No filme, é possível observar também a presença do Estado no contexto da vida dessa família muçulmana. Isso é importante identificar, pois possibilita entender como a compreensão de como a instituição Estado exerce sua abordagem na vida das pessoas comuns daquele país. Somos levados a acreditar que o Irã, enquanto Estado teocrático, interage de forma diferente na vida das pessoas, pelo menos quando comparado com as formas de intervenção estatal no Ocidente. A participação da assistência social na vida das crianças é o que possibilita ver a presença do Estado.
As crianças que vivem isoladas em casa com seus pais utilizam uma fruta, ou seja, uma maçã, que aparece em várias cenas no filme. Isso demonstra a ideia de liberdade que o autor quer transmitir em relação à situação que as meninas estavam passando. A fruta, que aparece em várias partes do filme, leva o espectador a pensar que o autor utiliza um símbolo presente no mito da criação da cultura judaico-cristã. A fruta está presente no mito fundante do Jardim do Éden, onde estão Adão e Eva.
O pai, cego por questões religiosas e misóginas, acreditava que era o destino delas ficarem em casa. É perceptível nos diálogos travados entre o pai das meninas e os vizinhos que ele sabia que elas precisavam ir à escola. Mas é inquietante porque, a todo momento, ele se defende dizendo que não pode fazer nada. Há uma cena em que é oferecido dinheiro para ajudá-lo e, no entanto, ele se esconde atrás de suas crenças fanáticas, que acabam por prejudicar e ceifar a vida de suas filhas. As meninas, como são constantemente vigiadas, acabam internalizando os costumes ao serem moldadas pela disciplina instaurada pelos pais. Em outras palavras, as crianças participam da vigilância ao se sentirem vigiadas.

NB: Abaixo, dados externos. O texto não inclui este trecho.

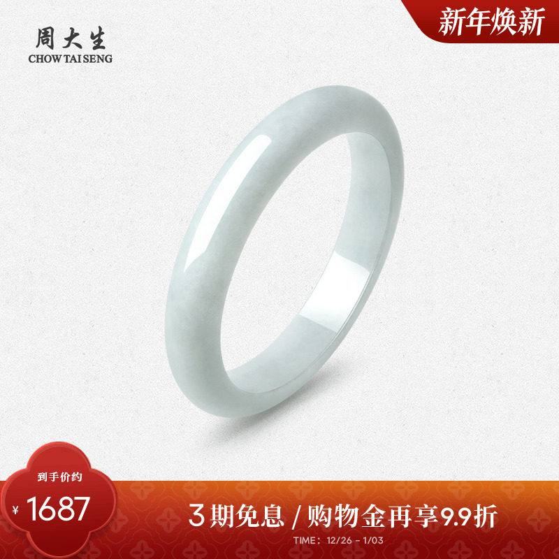 周大生天然翡翠手镯女豆种真玉平安镯新年礼物送女朋友高级送女友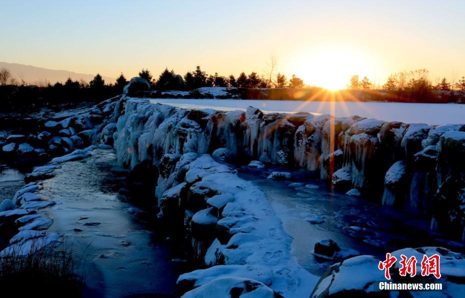 寒冬時(shí)節(jié),雪后初晴,地處甘肅河西走廊的張掖市濱河新區(qū)人工湖被白雪覆蓋,涓涓細(xì)流形成晶瑩剔透的冰瀑、冰掛,成為冬日一景。 陳禮 攝

É nesse ponto que gostaria de considerar que não há diferença da abordagem do Estado no Irã em relação aos países ocidentais, pelo menos no que se refere a tornar os corpos úteis à economia de mercado. O Estado aqui intervém porque esses corpos, da maneira como eram tratados, não se tornam úteis e, portanto, devem sofrer a intervenção estatal. O fato de o Irã ser um Estado Teocrático não quer dizer que não esteja inserido na lógica do capitalismo, sistema econômico vigente e preponderante em todas as nações do planeta.
Diante disso, essas crianças precisam urgentemente sair daquela condição. Elas, como todas as outras crianças, precisam ser inseridas na lógica do sistema capitalista, que, embora tenha características diferentes pelo mundo, revestido das diferentes culturas e religiões, possui os mesmos mecanismos em todos os pontos do planeta.

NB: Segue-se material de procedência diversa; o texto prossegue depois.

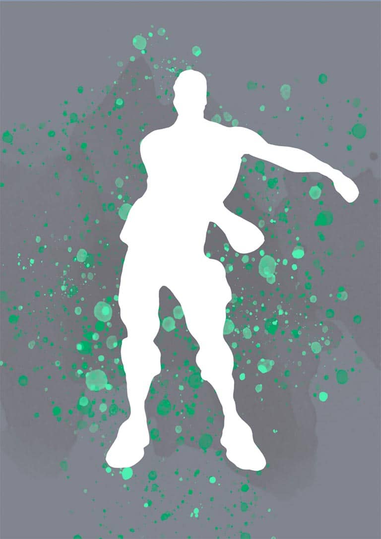 Sæt kulør på væggene med vores Fortnite Dance No 02 Gamer Plakat. Denne moderne plakat fanger essensen af en populær Fortnite dans i en dynamisk, stilren silhuet. Med grønne stænk på en grå baggrund er denne plakat et must-have for enhver gaming-entusiast

Ao assistir ao filme, temos a impressão de que se torna legítima a dominação patriarcal da família com as filhas. Mas, ao tomarmos distância, o que podemos perceber é que temos aí uma violação dos direitos humanos. Não importa o local do planeta e a cultura, a violação dos direitos humanos é a mesma em todo o mundo. Seja como for, não é legítima nenhuma forma de violência contra o ser humano, principalmente contra as crianças, em qualquer canto deste planeta.

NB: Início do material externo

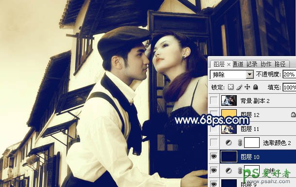PS调色教程:给一对情侣照片调出怀旧古黄色彩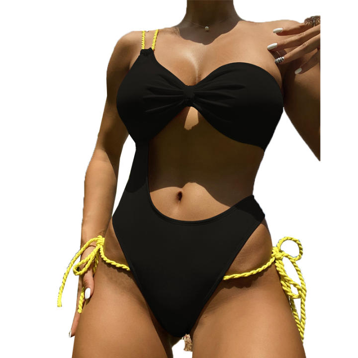 TK Conjunto de Bikini Bandeau de Cuello Halter Estilo Plano Ajuste Delgado Para Primavera/Verano 24
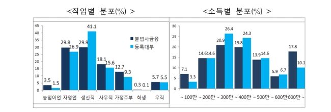 국민 100명중 1명은 불법사금융을 이용하고 있는 것으로 나타났다. 월소득 200~300만 원대이고 40~60대 남성이 주로 불법사금융을 이용했으며, 전체 이용자 가운데 1만여 명은 금리 66%를 넘어가는 초고금리에 고통 받고 있는 것으로 조사됐다.

Como podemos observar, as crianças do filme “A Maçã” sofrem duas formas de vigilância. A primeira é a familiar que decidiu o destino delas, atormentadas que estavam pelos dogmas religiosos. A outra forma é a intervenção do Estado na vida dessas pessoas com o intuito de moldar de forma homogênea os corpos, submetidos a uma lógica de utilidade.